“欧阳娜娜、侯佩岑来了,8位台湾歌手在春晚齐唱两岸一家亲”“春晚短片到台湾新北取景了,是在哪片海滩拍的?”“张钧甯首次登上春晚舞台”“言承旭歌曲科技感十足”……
+++
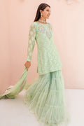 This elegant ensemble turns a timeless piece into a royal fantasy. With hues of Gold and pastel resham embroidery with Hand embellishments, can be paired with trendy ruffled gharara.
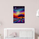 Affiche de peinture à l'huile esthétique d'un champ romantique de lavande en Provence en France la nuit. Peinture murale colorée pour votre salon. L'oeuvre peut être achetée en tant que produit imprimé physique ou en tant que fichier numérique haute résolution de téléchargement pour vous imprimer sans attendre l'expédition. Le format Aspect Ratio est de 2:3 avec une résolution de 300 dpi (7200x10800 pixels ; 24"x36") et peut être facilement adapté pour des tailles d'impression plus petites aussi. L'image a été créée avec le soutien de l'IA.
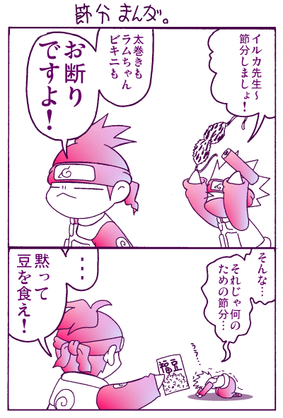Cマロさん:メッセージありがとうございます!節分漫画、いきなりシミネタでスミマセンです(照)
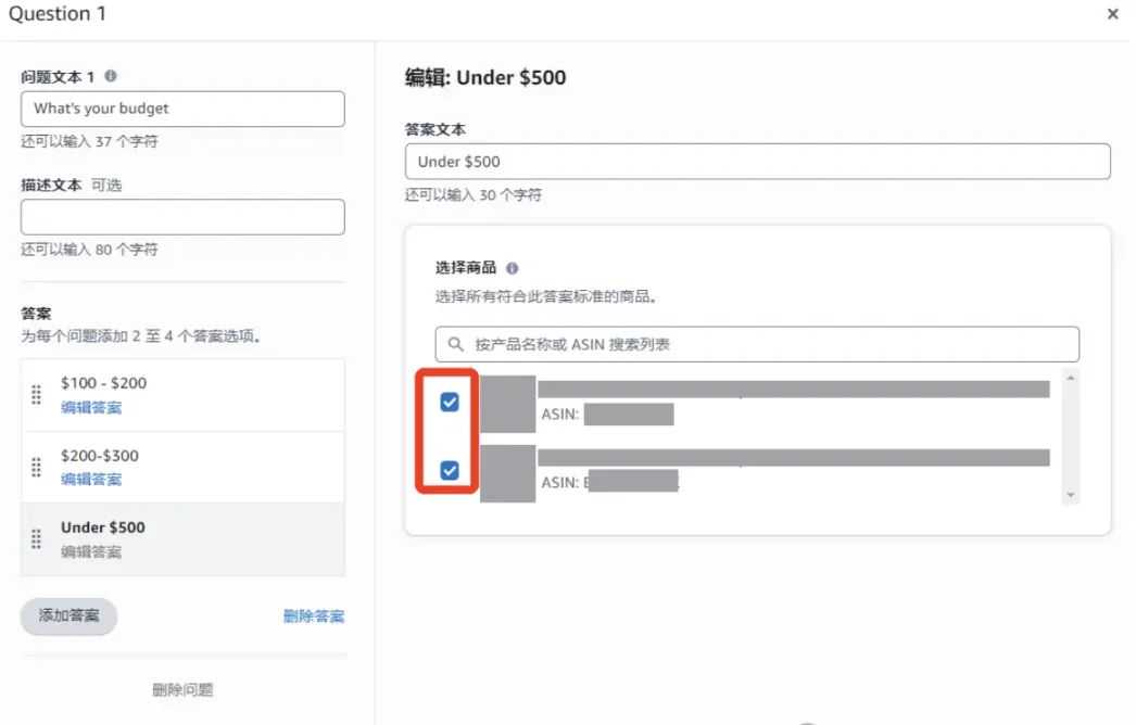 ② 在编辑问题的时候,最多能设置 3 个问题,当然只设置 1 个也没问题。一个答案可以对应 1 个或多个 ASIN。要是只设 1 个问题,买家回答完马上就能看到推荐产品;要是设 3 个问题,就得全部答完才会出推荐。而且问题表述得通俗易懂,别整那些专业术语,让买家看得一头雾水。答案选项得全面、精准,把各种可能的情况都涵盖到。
+++
What are the lines in the records above, word for word, from the one containing "This elegant ensemble" through the one containing "② 在编辑问题的时候,最多能设置 3", both ends included and pictures left out?

ANSWER BOX:
 This elegant ensemble turns a timeless piece into a royal fantasy. With hues of Gold and pastel resham embroidery with Hand embellishments, can be paired with trendy ruffled gharara.
 Affiche de peinture à l'huile esthétique d'un champ romantique de lavande en Provence en France la nuit. Peinture murale colorée pour votre salon. L'oeuvre peut être achetée en tant que produit imprimé physique ou en tant que fichier numérique haute résolution de téléchargement pour vous imprimer sans attendre l'expédition. Le format Aspect Ratio est de 2:3 avec une résolution de 300 dpi (7200x10800 pixels ; 24"x36") et peut être facilement adapté pour des tailles d'impression plus petites aussi. L'image a été créée avec le soutien de l'IA.
Cマロさん:メッセージありがとうございます!節分漫画、いきなりシミネタでスミマセンです(照)
 ② 在编辑问题的时候,最多能设置 3 个问题,当然只设置 1 个也没问题。一个答案可以对应 1 个或多个 ASIN。要是只设 1 个问题,买家回答完马上就能看到推荐产品;要是设 3 个问题,就得全部答完才会出推荐。而且问题表述得通俗易懂,别整那些专业术语,让买家看得一头雾水。答案选项得全面、精准,把各种可能的情况都涵盖到。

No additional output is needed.